Occorre infatti tener presente e valorizzare le doti che l'Europa sembra avere circa una sua capacità di apprendere dai propri errori e andare avanti, anche se con tempi lenti e tra molti veti. Non tutti sono d'accordo sulle linee fissate da istituzioni forse troppo centrate su Bruxelles e meno presenti nelle capitali europee. Tuttavia, come ha già affermato Valéry Giscard D'Estaing, arriverà un grande atto unico e fondatore, per una Europa costituzionalizzata e in grado di rispondere efficacemente alle sfide della globalizzazione, rispetto alla quale la struttura dello Stato nazione appare in via di sbriciolamento, forse anche perché non sempre ha una visione complessiva e/o una propensione a guardare oltre i suoi confini.
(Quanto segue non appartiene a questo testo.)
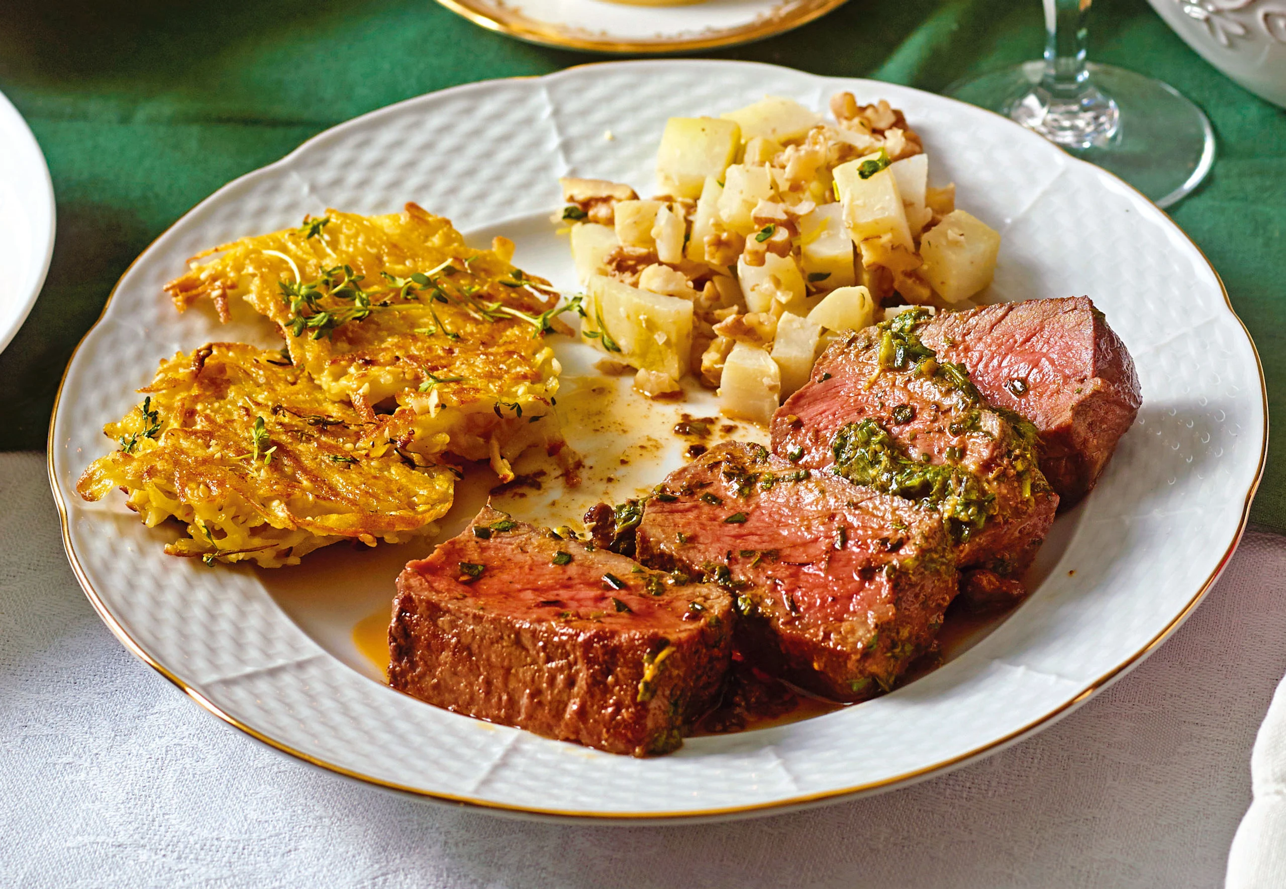 Entrecôte double mit Kräuterbutter, Rösti und Nuss-Kohlrabi

In particolare l’Italia in questo momento soffre di “miopia”, si direbbe in gergo che non riesce a vedere oltre il proprio naso e certe uscite infelici di questi giorni, sull'inutilità dell’euro, (che ci ha salvato dal fallimento), mette ben in evidenza questo difetto visivo che non fa vedere in prospettiva futura quanto sia importante per l’Europa, se vorrà ancora avere un ruolo da svolgere nel mondo globalizzato, procedere verso una maggiore integrazione. A difenderci dalla morsa in cui ci troviamo, tra debito pubblico e interessi da pagare, tra interessi di parte e miopia dei politici di casa nostra, potrà essere un presidente della fantomatica Padania, o quello della Catalogna, delle Fiandre o anche della ricca Baviera? La verità è che addirittura gli stati-nazione, baricentro della geopolitica moderna, non sono più in grado di dare delle risposte ai problemi immani posti dalla speculazione finanziaria internazionale e dalla globalizzazione; purtroppo al G 20 di Cannes non si è deciso nulla su questi due ultimi temi citati e le risposte che attentavamo non sono arrivate, soprattutto l'adozione di strumenti per porre un freno alla speculazione finanziaria. La difesa rispetto ad una deriva che può portare gli Stati membri ad essere troppo deboli rispetto alle forze globali in gioco è proprio nell'integrazione tra di loro. Inoltre, si sarà del tutto incapaci di controbilanciare il peso di superpotenze come la Russia, la Cina, gli Stati Uniti e gli equilibri planetari potranno risentirne.



L'Europa gioca la sua partita soprattutto tra i suoi cittadini, per la conoscenza di quanto si verifica in Essa e di quali siano i vantaggi. Può essere utile sapere che “la comunicazione” sul tema abbonda, ma che spesso non si è al corrente della vastità di iniziative che l'Europa propone, perché le notizie sono appannaggio dei pochi addetti ai lavori e di chi, per curiosità e per passione cerca di seguire gli avvenimenti e le iniziative in campo europeo. Occorrerebbe una comunicazione televisiva europea più presente nei programmi. Non ho dati che dicano quanti sono i collegamenti quotidiani ai siti europei. La comunicazione sull'Europa è spesso non legata al territorio e si distingue più quella dell'emergenza. Sarà interessante scoprire, nel corso del tempo, come i cittadini avranno contribuito, proprio sul versante della comunicazione, a costruire l'Europa con il dibattito e il dialogo. Se questa ricerca avrà dato risultati positivi dal punto di vista della capacità dei cittadini di offrire un contributo apprezzabile, vorrà dire che non sono solo le lobby a trainare i processi decisionali europei. In caso contrario, si avrà una conferma del fatto che l'Europa va resa ancora più trasparente e che non ha ancora raggiunto il suo livello di funzionamento ottimale, possibile solo a patto che la popolazione si senta rappresentata e si riconosca nelle istituzioni europee.

L'Europa economica non basta più, ma l'Europa politica stenterà ad affermarsi se nell'era della comunicazione globale le persone che giustamente vogliono sapere chi decide e controlla direttamente l'iter delle scelte, non sono informate. Gli Stati, e i loro governi, non bastano più, ma il potere sopra di essi non può prescindere dai principi base della democrazia rappresentativa.

E', dunque, tempo di raccogliere un testimone di speranza dalla generazione che ci ha preceduto, che ha posto le basi della nostra unità, dalle prime forme di cooperazione fino al “traguardo” dell'euro, oggi non compreso a pieno e qualche volta ordinariamente e banalmente non condiviso, proseguendo con una maggiore integrazione economica e politica.